Task to carry out:
Each record below must be reproduced exactly as it reads, with its images omitted.

Entries taken from a collection:

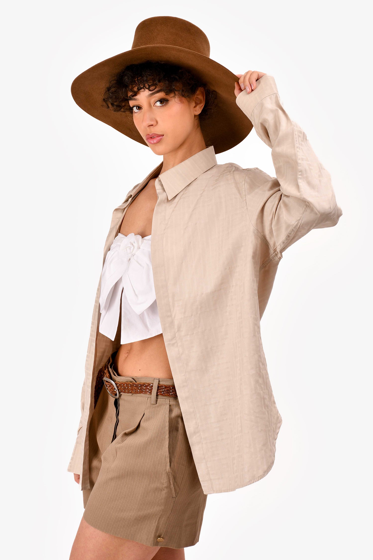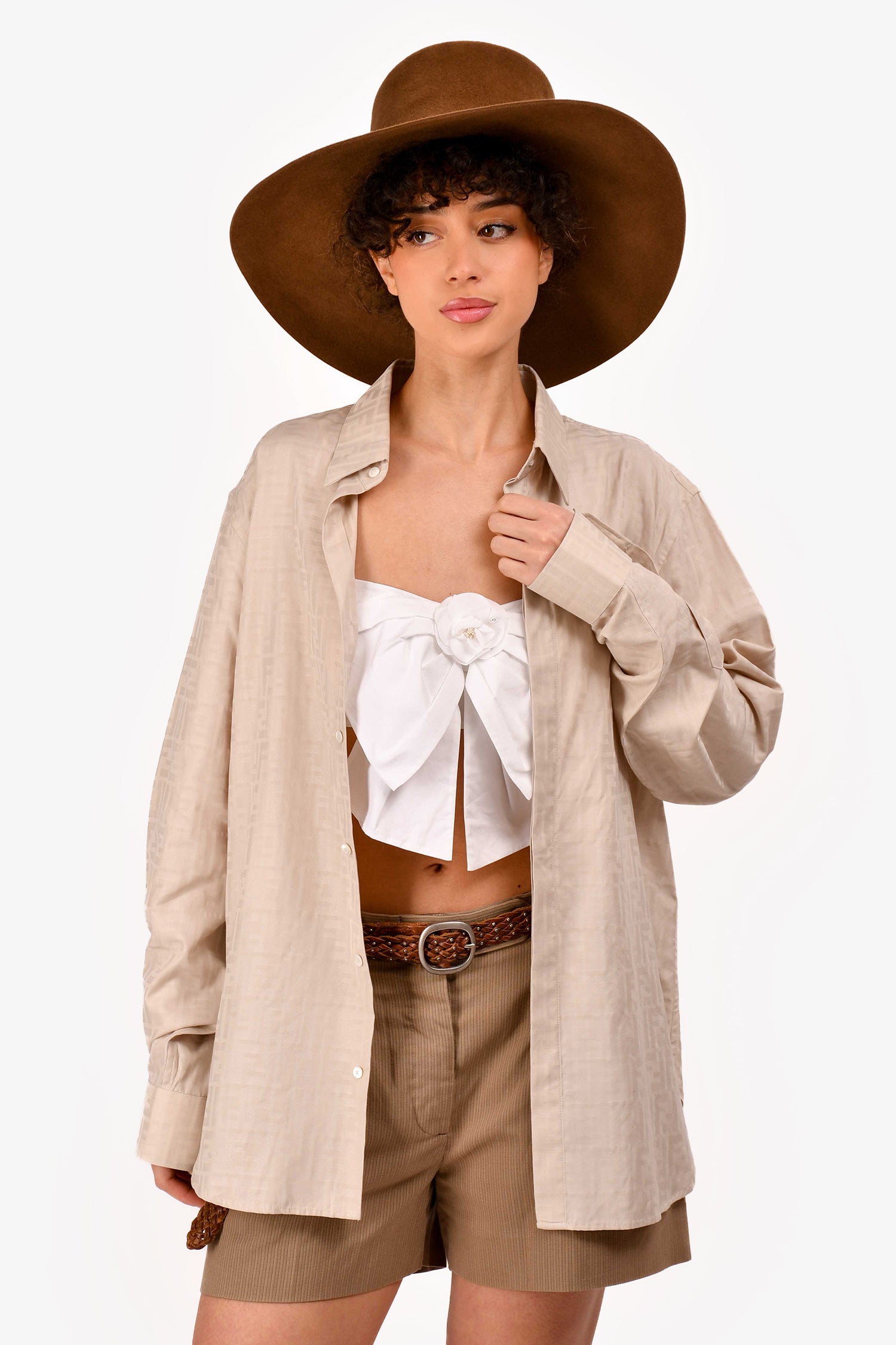 Refresh availabilityFendi Beige Monogram Cotton Button-Down Shirt. Front button-down closure. Button closure at cuffs. Tonal Zucca print throughout. Tonal stitching.
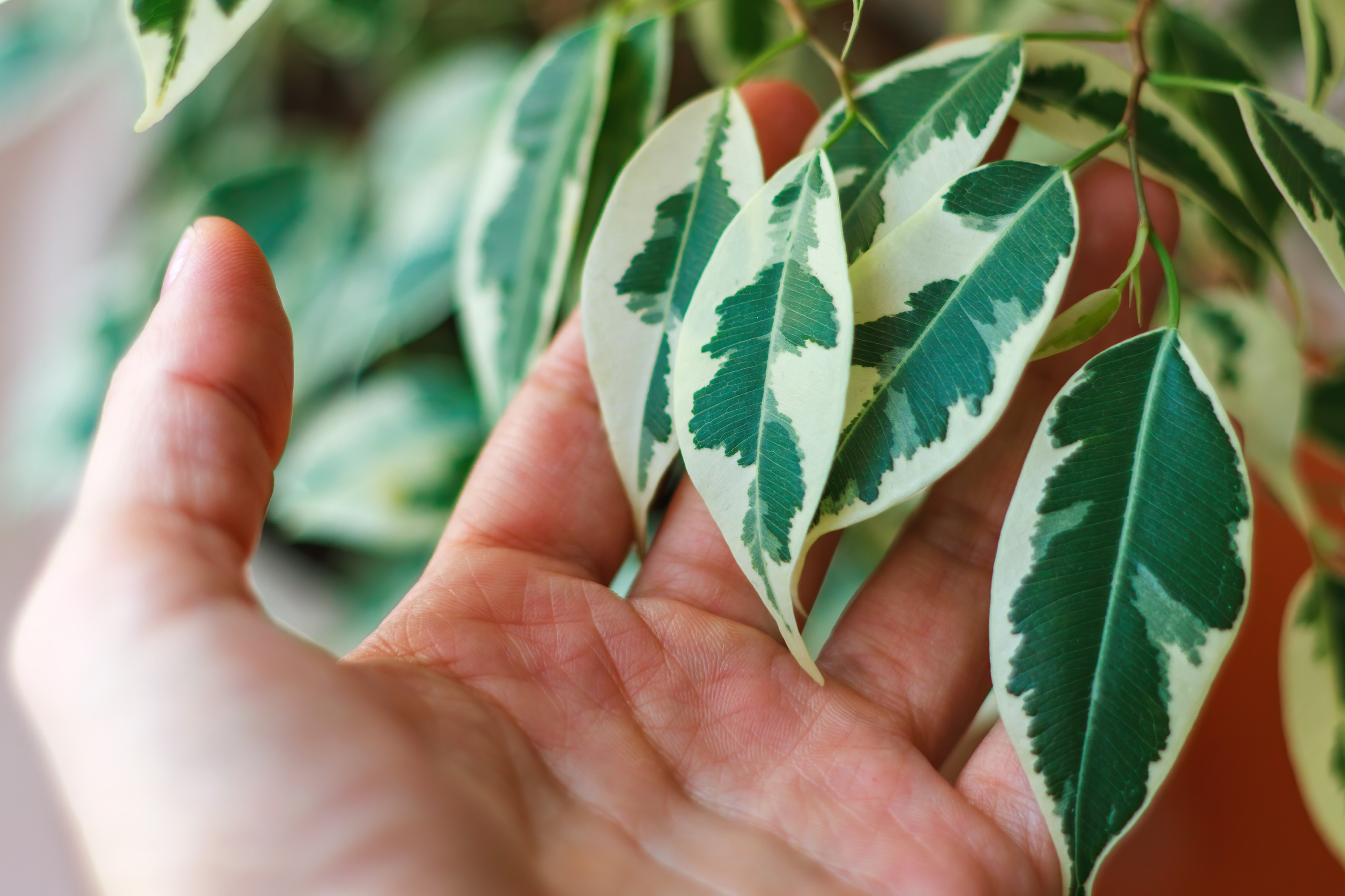 Smochinul plângător (Ficus benjamina) crește ca un arbore mare cu frunze largi și ...
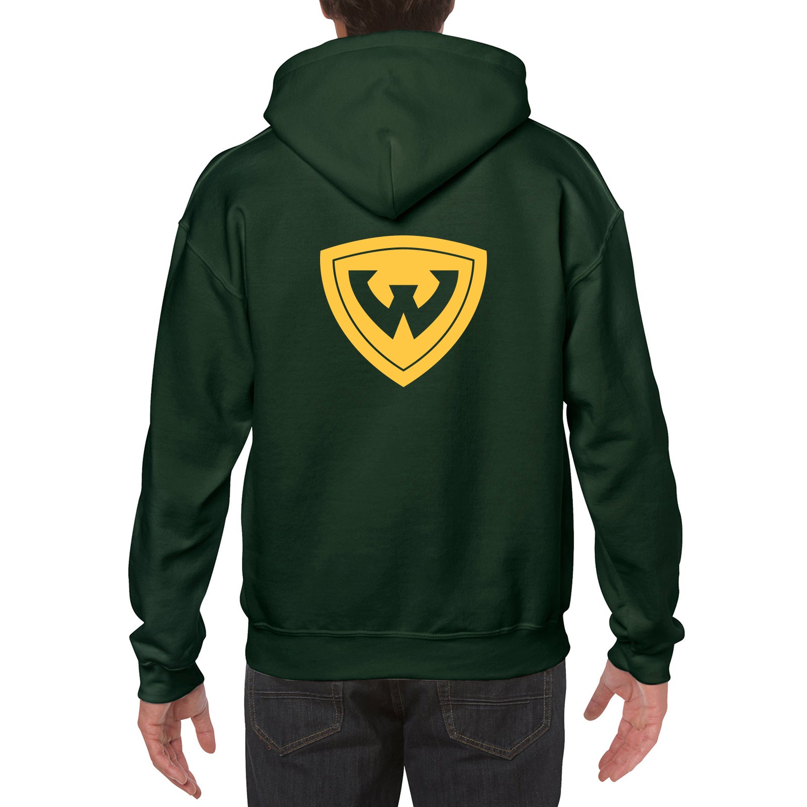 Wayne State University Warriors Front Back Print Heavy Blend Hoodie - Forest
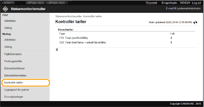Information om maskinen og systemadministratoren vises. Enhedsnavnet og andre af systemadministratorens informationer, der er vist her, svarer til indstillingerne i [Information om systemadministrator] på siden [Brugerstyring] eller i [Informationer om enhedsindstillinger] på siden [Enhedsstyring].
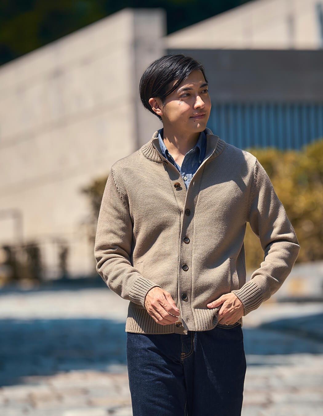 エクストラファインメリノウールを使用した高品質なニット糸で編み上げた「スタンドカラーカーディガン」が今年も入荷いたしました!
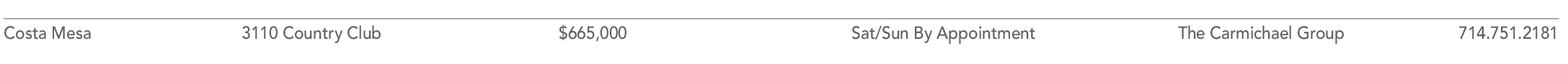 Costa Mesa 3110 Country Club $665,000 Sat/Sun By Appointment The Carmichael Group 714.751.2181

Expected answer:
 Refresh availabilityFendi Beige Monogram Cotton Button-Down Shirt. Front button-down closure. Button closure at cuffs. Tonal Zucca print throughout. Tonal stitching.
 Smochinul plângător (Ficus benjamina) crește ca un arbore mare cu frunze largi și ...
 Wayne State University Warriors Front Back Print Heavy Blend Hoodie - Forest
Information om maskinen og systemadministratoren vises. Enhedsnavnet og andre af systemadministratorens informationer, der er vist her, svarer til indstillingerne i [Information om systemadministrator] på siden [Brugerstyring] eller i [Informationer om enhedsindstillinger] på siden [Enhedsstyring].
 エクストラファインメリノウールを使用した高品質なニット糸で編み上げた「スタンドカラーカーディガン」が今年も入荷いたしました!
 Costa Mesa 3110 Country Club $665,000 Sat/Sun By Appointment The Carmichael Group 714.751.2181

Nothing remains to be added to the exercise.